Posted on: Saturday, 16 July 2005, 00:00 CDT

Jul. 16--A new program to improve the quality of weight-loss surgeries in Michigan could set a standard for the practice of medicine nationwide and lower costs.

In their latest quality-improvement program, Blue Cross Blue Shield of Michigan and the University of Michigan are recruiting hospitals and surgeons for the program to collect data on weight-loss, or bariatric, surgeries with the goal of identifying the best practices and sharing them with each other.

The Blue Cross and U-M program challenges conventional wisdom by suggesting that comprehensive data sharing is more likely to improve results across the board than rewarding just those hospitals that achieve the best results.

If the program is successful it could help reduce the number of people who die from medical errors each year while helping to hold down medical costs for employers and individuals.

Many health insurers now pay for better quality.

The most common of those programs is called pay for performance.
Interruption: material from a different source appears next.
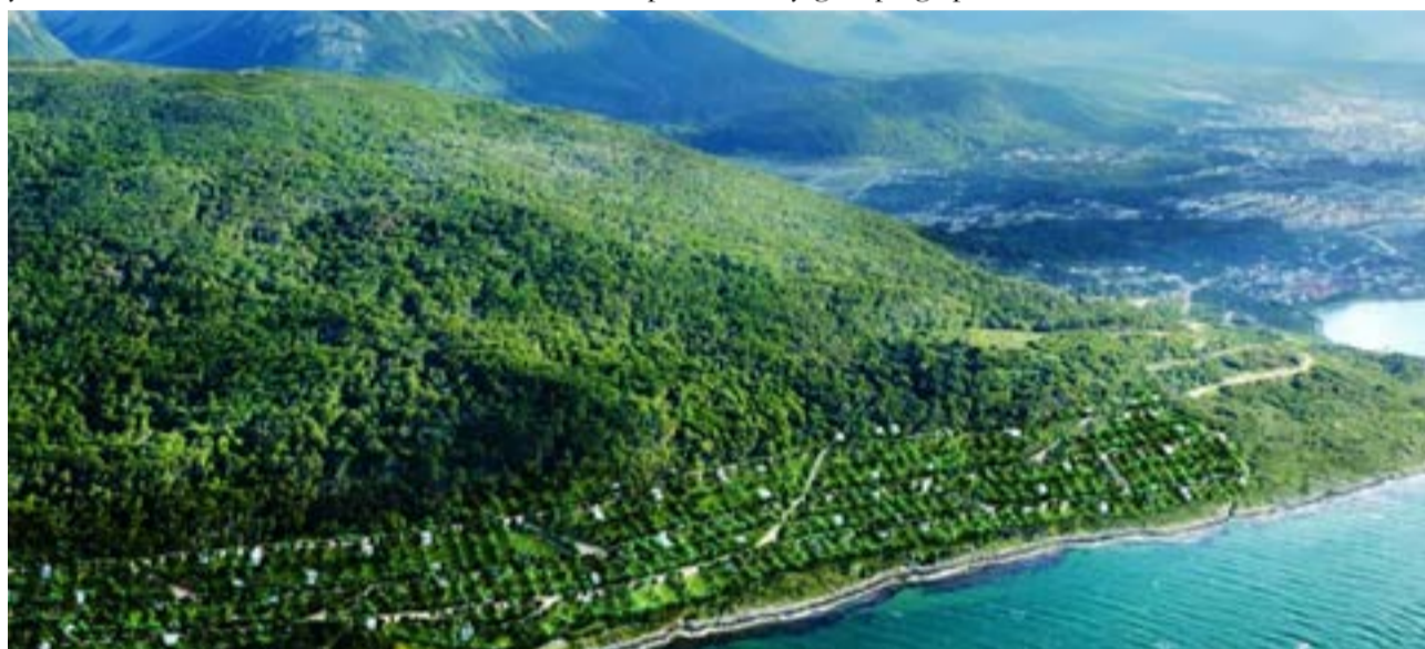
Costa Susana tiene 280 hectáreas de las cuales se urbanizarán 57. En la primera etapa ya terminada de 220 lotes, hay 13 casas construidas y otras 30 en camino.

Para los vecinos del Parque Nacional Tierra del Fuego, el Monte Susana es un referente del área que debía tratarse con respeto y superar las expectativas ecológicas en caso de urbanizarse. Con ese desafío en mente, el desarrollador reunió a distintas ONGs locales para que los ayudaran a replantar en la ciudad las extracciones enteras de tierra que se removieron en la construcción.

It involves paying higher reimbursements to doctors or hospitals that achieve above-average results.

But a handful of programs funded by Blue Cross Blue Shield of Michigan and led by U-M doctors -- including the new bariatric quality improvement program -- could set a new standard for improving quality statewide by paying hospitals for participation rather than performance.

The latest program will pay Michigan hospitals with large bariatric surgery programs to collect data about those surgeries and contribute them to a statewide database so that the collective results can be analyzed and then shared with participating doctors and hospitals to determine the best practices for weight-loss surgery.

"The goal is to raise the tide, not to single out the good apples from the bad apples," said Dr. John Birkmeyer, professor of surgery and director of the Michigan Surgical Collaborative for Outcomes Research and Evaluation at U-M.

But Katherine Capps, president of Health2 Resources in Washington, D.C., said the program sounds like a cautious step being taken to really peg down true quality measurements. But to be most useful, the program should include as a future step plans to report data to the public.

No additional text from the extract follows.